Conservative scanning filters out invalid pointers by relying on the span lookup mechanics (spanOf), and double-checking that the pointer points within that span's bounds, since the span table can contain stale entries.

Unfortunately, the upper bound on the span is set very late for heap spans. It is not set in allocSpan before the atomic write to the span state, thereby publishing it to the garbage collector, but is instead written far later, either in mcache.allocLarge or mcentral.grow.

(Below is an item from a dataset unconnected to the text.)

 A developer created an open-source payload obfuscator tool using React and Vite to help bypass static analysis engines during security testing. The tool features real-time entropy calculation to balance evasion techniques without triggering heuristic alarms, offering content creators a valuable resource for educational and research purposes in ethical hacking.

It's also not cleared by mspan.init which would also be fine.

If any one of these things were true, the bug would have been avoided: 1. mspan.init sets or clears limit. 2. mspan.allocSpan sets limit explicitly in the heap span case, just like the other cases. 3. On span free, we clear the span table.

I propose we do (1) and (2). My proposed semantics are that mspan.init always sets limit to a safe value, but this value is later adjusted down by allocSpan and allocLarge respectively. mcentral.grow should not be setting limit because it's way too late. mspan.init does not have enough information on its own to set right size, but for small object spans we need to set the limit before returning from allocSpan, since part of the span is not valid space for objects, but is instead only for heap metadata. However, we do need to allow allocLarge to adjust the value, because that's the only place we have the true size of the object. Luckily, it's fairly safe if a lookup tries to check the 'dead' part of a large object span.

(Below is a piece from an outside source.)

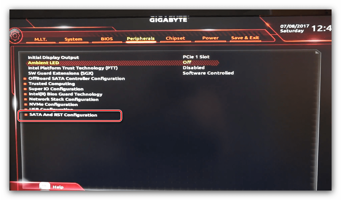 - Режим AHCI, необходимый для современных HDD и SSD, включается на вкладке «Peripherals», в разделах «SATA and RST Configuration» – «SATA Mode Selection».

Once upon a time I had a change for (3), which was necessary for some experimental performance changes, and it didn't seem to cost much extra to clear the span table entries, if anything at all. But perhaps let's leave that alone for now, since there is a performance risk.

AFAICT, this bug has existed since Go 1.14 when conservative scanning was introduced. mspan.limit was essentially always just used for debug checks before then, but in Go 1.14 it became load-bearing.

This bug is filed on behalf of a crash found within Google.

Comment From: gopherbot

Change https://go.dev/cl/682655 mentions this issue: runtime: set mspan limit field early and eagerly

Comment From: gabyhelp

Related Issues

Related Code Changes

(Emoji vote if this was helpful or unhelpful; more detailed feedback welcome in this discussion.)

Comment From: mknyszek

@gopherbot Please open backport issues for Go 1.23 and Go 1.24.

This problem can cause rare random crashes in the runtime with no workaround.

Comment From: gopherbot

Backport issue(s) opened: #74289 (for 1.23), #74290 (for 1.24).

Remember to create the cherry-pick CL(s) as soon as the patch is submitted to master, according to https://go.dev/wiki/MinorReleases.